* _Task instructions_
The whole listing below needs to be duplicated exactly, pictures aside.

* _Data extract_
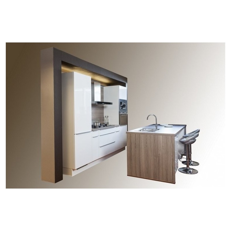 Het kookgedeelte incl. de hoge kasten is 270cm lang, het eiland is 220x96cm.
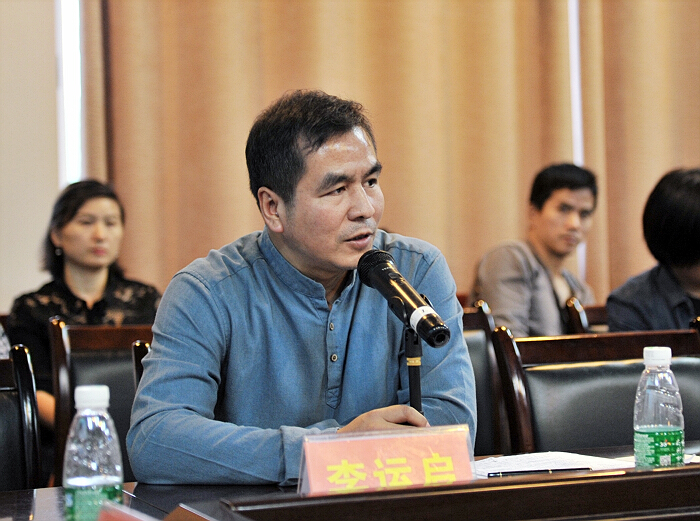市委宣传部杨铁桥副部长讲话,他说设计艺术家协会充满朝气,充满希望。今后要多参与湘潭的城市建设进程,为政府做好设计参谋。
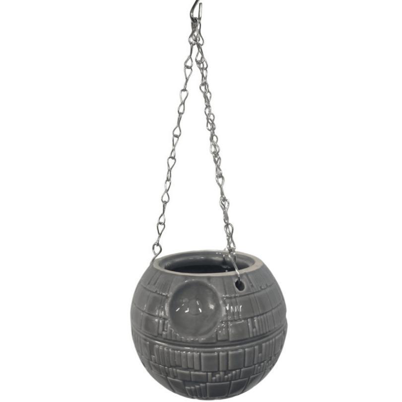 Deze Death Star hangbloempot is een must-have voor elke Star Wars fan. De keramieken pot is vormgegeven als de iconische Death Star en wordt geleverd met een stevige metalen ketting, zodat je hem eenvoudig kunt ophangen.
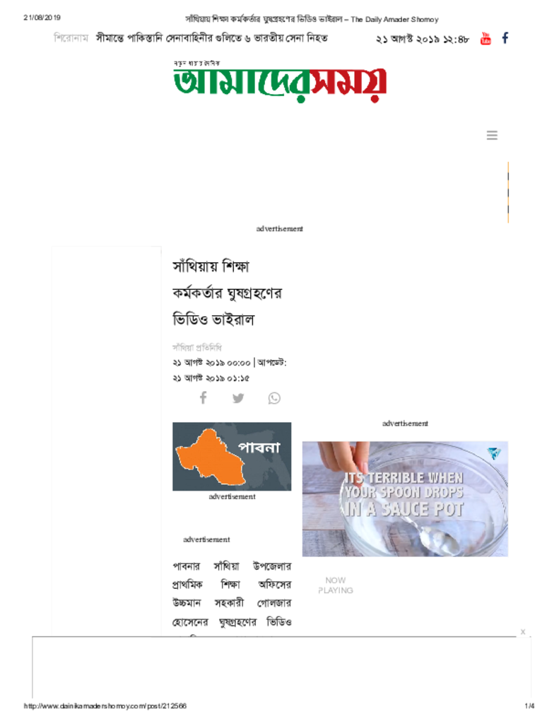 সাঁথিয়ায় শিক্ষা কর্মকর্তার ঘুষগ্রহণের ভিডিও ভাইরাল Published on Newspaper দৈনিক আমাদের সময় Category Others Download
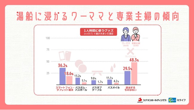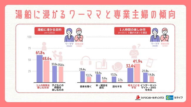 ワーママの6割が「1人の時間を楽しむため」に湯船に浸かり、専業主婦と湯船に浸かる時間の使い方に違いが見られる。
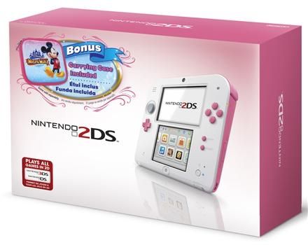 现在,任天堂再次推出了一款“桃粉”(Peach Pink)色新款2DS主机,可爱的粉/白配色加上别致的迪士尼收纳包,相信会让每一个看到它的小萝莉们疯狂。(或者还能顺便发掘出几只小正太的隐藏属性也说不定)
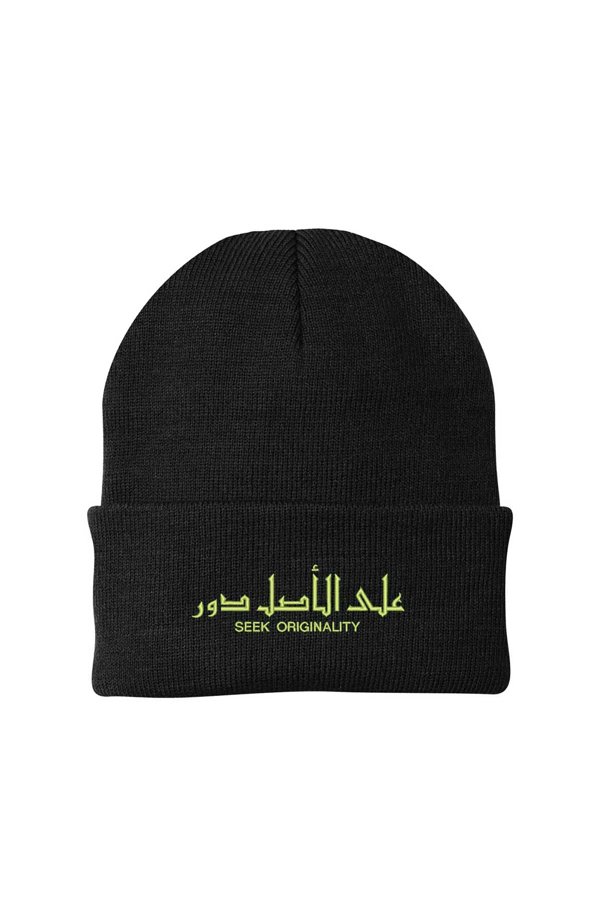 The Seek Originality Beanie is a black cuffed knit hat designed for cooler weather and everyday wear. It features embroidered English and Arabic text on the front, with Seek Originality placed below عِندَ الأَصَالَة دَوِّر, giving the design clear bilingual visibility.

* _Exercise solution_
 Het kookgedeelte incl. de hoge kasten is 270cm lang, het eiland is 220x96cm.
市委宣传部杨铁桥副部长讲话,他说设计艺术家协会充满朝气,充满希望。今后要多参与湘潭的城市建设进程,为政府做好设计参谋。
 Deze Death Star hangbloempot is een must-have voor elke Star Wars fan. De keramieken pot is vormgegeven als de iconische Death Star en wordt geleverd met een stevige metalen ketting, zodat je hem eenvoudig kunt ophangen.
 সাঁথিয়ায় শিক্ষা কর্মকর্তার ঘুষগ্রহণের ভিডিও ভাইরাল Published on Newspaper দৈনিক আমাদের সময় Category Others Download
 ワーママの6割が「1人の時間を楽しむため」に湯船に浸かり、専業主婦と湯船に浸かる時間の使い方に違いが見られる。
 现在,任天堂再次推出了一款“桃粉”(Peach Pink)色新款2DS主机,可爱的粉/白配色加上别致的迪士尼收纳包,相信会让每一个看到它的小萝莉们疯狂。(或者还能顺便发掘出几只小正太的隐藏属性也说不定)
 The Seek Originality Beanie is a black cuffed knit hat designed for cooler weather and everyday wear. It features embroidered English and Arabic text on the front, with Seek Originality placed below عِندَ الأَصَالَة دَوِّر, giving the design clear bilingual visibility.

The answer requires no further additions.